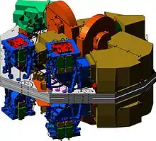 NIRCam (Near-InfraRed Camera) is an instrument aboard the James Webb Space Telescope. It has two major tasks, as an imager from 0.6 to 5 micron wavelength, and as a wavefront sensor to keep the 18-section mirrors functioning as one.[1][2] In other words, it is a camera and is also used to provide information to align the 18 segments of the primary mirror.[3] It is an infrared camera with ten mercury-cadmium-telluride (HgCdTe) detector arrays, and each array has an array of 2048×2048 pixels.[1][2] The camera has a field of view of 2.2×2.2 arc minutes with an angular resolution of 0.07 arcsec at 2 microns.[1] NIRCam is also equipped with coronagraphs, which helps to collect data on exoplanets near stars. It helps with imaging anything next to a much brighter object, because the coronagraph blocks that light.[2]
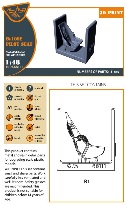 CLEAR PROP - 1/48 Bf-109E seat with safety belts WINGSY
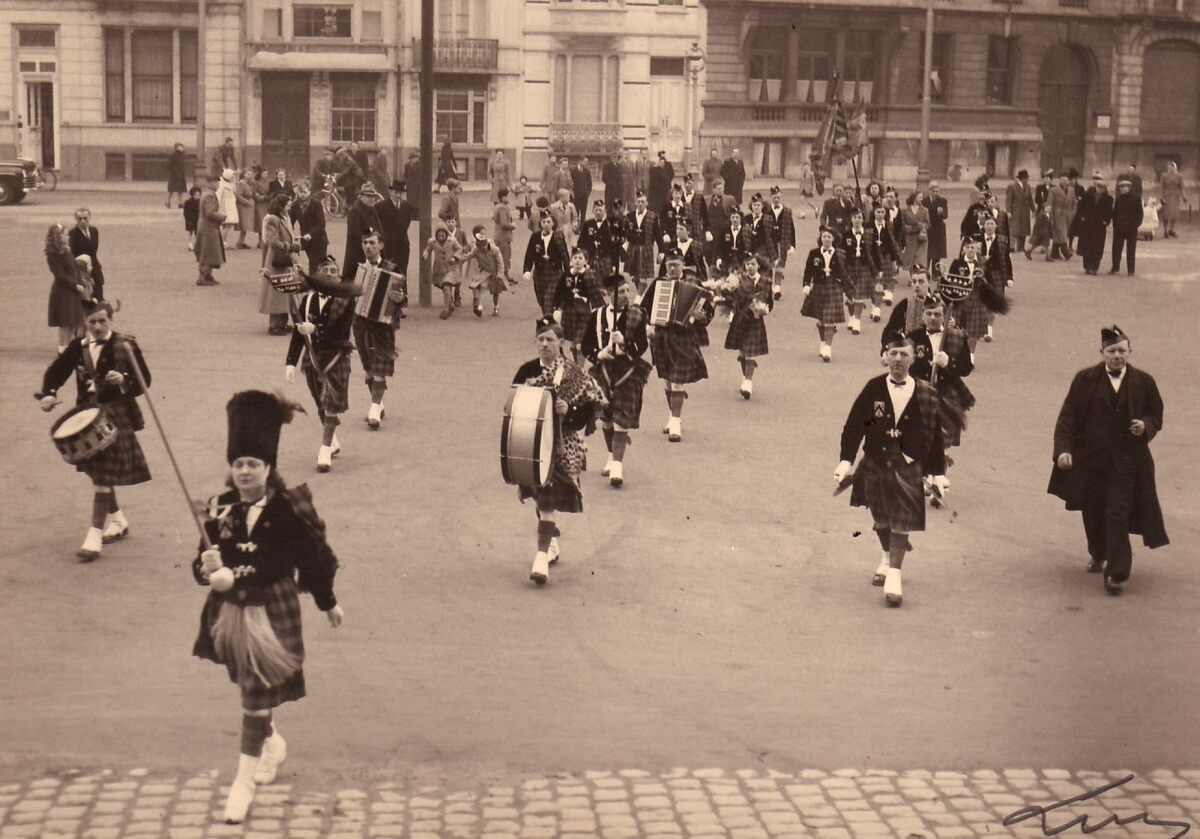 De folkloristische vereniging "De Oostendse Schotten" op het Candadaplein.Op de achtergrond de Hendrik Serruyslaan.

Activity: Restate all the material verbatim; omit every picture.

Expected answer:
 NIRCam (Near-InfraRed Camera) is an instrument aboard the James Webb Space Telescope. It has two major tasks, as an imager from 0.6 to 5 micron wavelength, and as a wavefront sensor to keep the 18-section mirrors functioning as one.[1][2] In other words, it is a camera and is also used to provide information to align the 18 segments of the primary mirror.[3] It is an infrared camera with ten mercury-cadmium-telluride (HgCdTe) detector arrays, and each array has an array of 2048×2048 pixels.[1][2] The camera has a field of view of 2.2×2.2 arc minutes with an angular resolution of 0.07 arcsec at 2 microns.[1] NIRCam is also equipped with coronagraphs, which helps to collect data on exoplanets near stars. It helps with imaging anything next to a much brighter object, because the coronagraph blocks that light.[2]
 CLEAR PROP - 1/48 Bf-109E seat with safety belts WINGSY
 De folkloristische vereniging "De Oostendse Schotten" op het Candadaplein.Op de achtergrond de Hendrik Serruyslaan.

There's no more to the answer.